Provided entries:
....
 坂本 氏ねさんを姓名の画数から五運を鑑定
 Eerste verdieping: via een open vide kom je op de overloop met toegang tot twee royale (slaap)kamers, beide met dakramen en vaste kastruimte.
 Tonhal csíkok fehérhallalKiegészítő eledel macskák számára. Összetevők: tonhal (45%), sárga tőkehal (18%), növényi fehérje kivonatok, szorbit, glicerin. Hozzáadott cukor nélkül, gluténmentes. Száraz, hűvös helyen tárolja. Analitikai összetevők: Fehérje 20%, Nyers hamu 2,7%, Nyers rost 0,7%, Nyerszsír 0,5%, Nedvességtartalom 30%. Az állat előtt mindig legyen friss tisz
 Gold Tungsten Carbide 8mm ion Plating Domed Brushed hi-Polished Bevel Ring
....
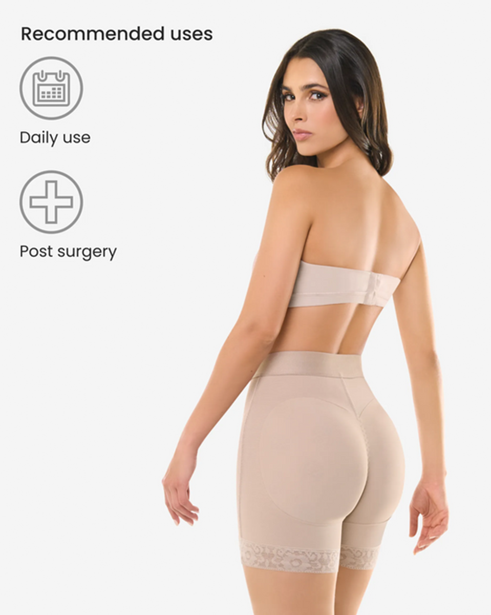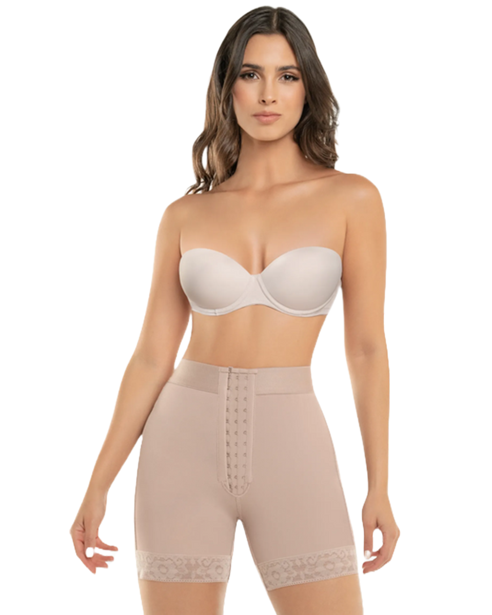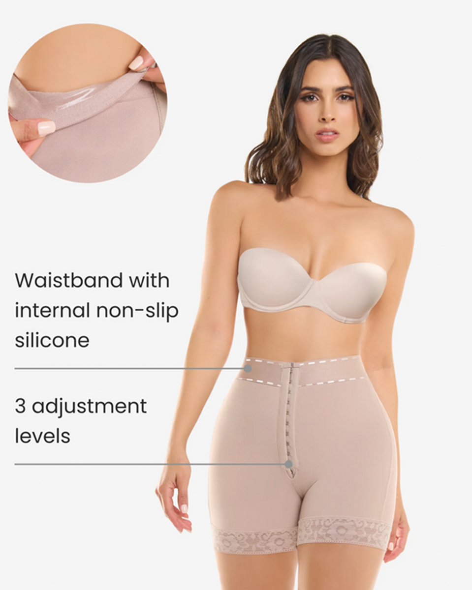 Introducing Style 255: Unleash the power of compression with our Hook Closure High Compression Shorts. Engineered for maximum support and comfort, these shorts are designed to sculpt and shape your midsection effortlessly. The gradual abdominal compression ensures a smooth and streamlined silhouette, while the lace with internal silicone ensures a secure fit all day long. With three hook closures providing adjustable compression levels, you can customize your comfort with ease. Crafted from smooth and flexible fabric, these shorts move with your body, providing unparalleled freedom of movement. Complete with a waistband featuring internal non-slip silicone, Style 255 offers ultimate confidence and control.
....
What the task asks:
Both end lines included, restate word for word the lines above from the line with "Tonhal csíkok fehérhallalKiegészítő" to the line with "Gold Tungsten Carbide", and nothing else.

Solved exercise:
 Tonhal csíkok fehérhallalKiegészítő eledel macskák számára. Összetevők: tonhal (45%), sárga tőkehal (18%), növényi fehérje kivonatok, szorbit, glicerin. Hozzáadott cukor nélkül, gluténmentes. Száraz, hűvös helyen tárolja. Analitikai összetevők: Fehérje 20%, Nyers hamu 2,7%, Nyers rost 0,7%, Nyerszsír 0,5%, Nedvességtartalom 30%. Az állat előtt mindig legyen friss tisz
 Gold Tungsten Carbide 8mm ion Plating Domed Brushed hi-Polished Bevel Ring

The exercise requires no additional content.